Vegan Beetroot & Ginger Brownies
Preparation time: 15 minutes
Baking time: 45 minutes
Makes: 16 small brownies
1-2 tbsp coconut oil for greasing your baking pan
3 tbsp water
1tbsp ground flax seeds
190g (gluten free) plain flour
300g coconut sugar
40g unsweetened (vegan) cacao powder
1tsp baking powder
1/2 tsp salt
a handful of Primrose’s Kitchen raw beetroot and ginger muesli (plus extra for sprinkling on top)
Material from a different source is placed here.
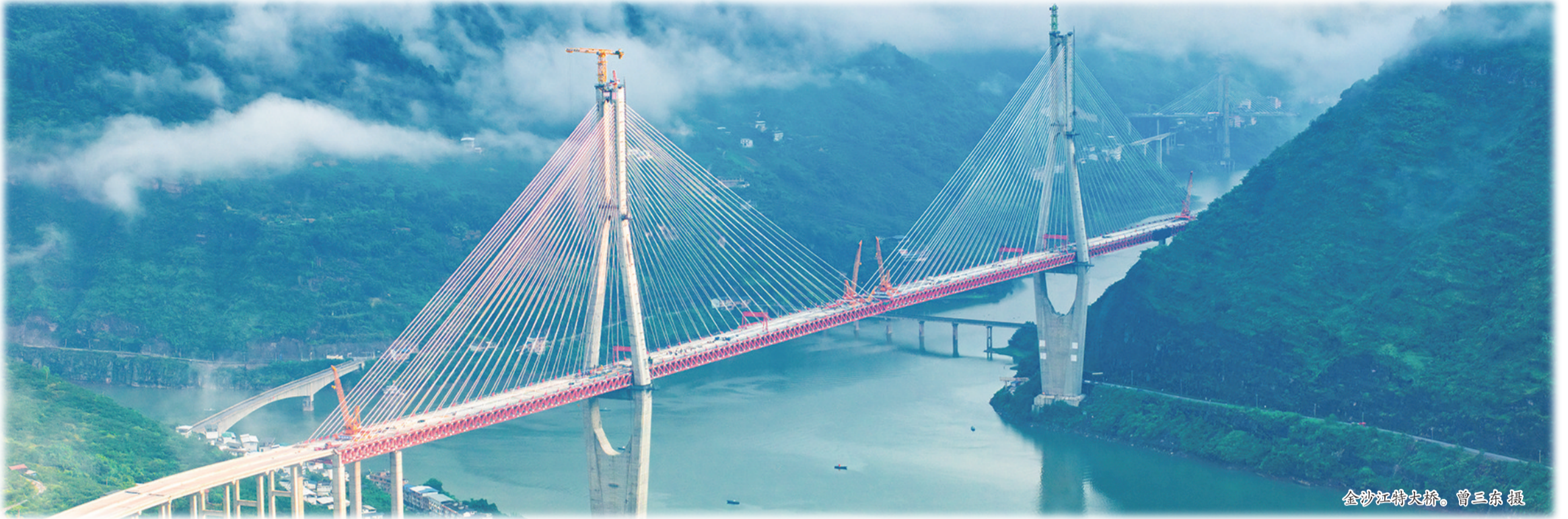
金沙江特大桥。曾三东摄

2025年,昭通市县域经济发展实现标志性突破——鲁甸、盐津、威信、水富4个县(市)成功跻身GDP“百亿俱乐部”。至此,昭通“百亿县”总数达到9个,县域经济整体实力迈上新台阶。这并非单一产业的偶然爆发,而是一场立足资源禀赋、聚焦特色产业、强化工业支撑、融入开放经济的系统性突围。昭通正以城乡融合为路径,推动县域经济从“多点开花”迈向“全域繁荣”,为西部地区县域高质量发展探索出一条特色路径——

85g dark (vegan, 80%) chocolate, roughly chopped
300ml almond milk, or milk of your choice
120ml olive oil
Ingredients for the frosting (optional):
250g thick, creamy coconut yoghurt
1-2tbsp unsweetened (vegan) cacao powder
1-2tbsp maple syrup
Preheat the oven to 175C. Line the bottom of a 20cm square baking pan with grease proof baking paper and grease the sides with the coconut oil. Set aside.
Mix the water and ground flax seeds in a small bowl and set aside.
In a large mixing bowl, combine the flour, sugar, cacao powder, baking powder, salt, muesli and chocolate. In a small, separate bowl combine the milk, olive oil and flaxseed/water mixture. Pour these wet ingredients into the bowl with the dry ingredients. Mix until just combined and pour into your prepared baking pan.
Bake in the oven for 45 minutes, watching not to over bake as you want the brownies to be cooked, but also beautifully gooey in the centre.
Whilst the brownies are baking, you can make the frosting (optional) but combining all three ingredients in a small bowl.
When the brownies are done, let them cool for 20 minutes, cover them evenly with the frosting, sprinkle some muesli on top and enjoy!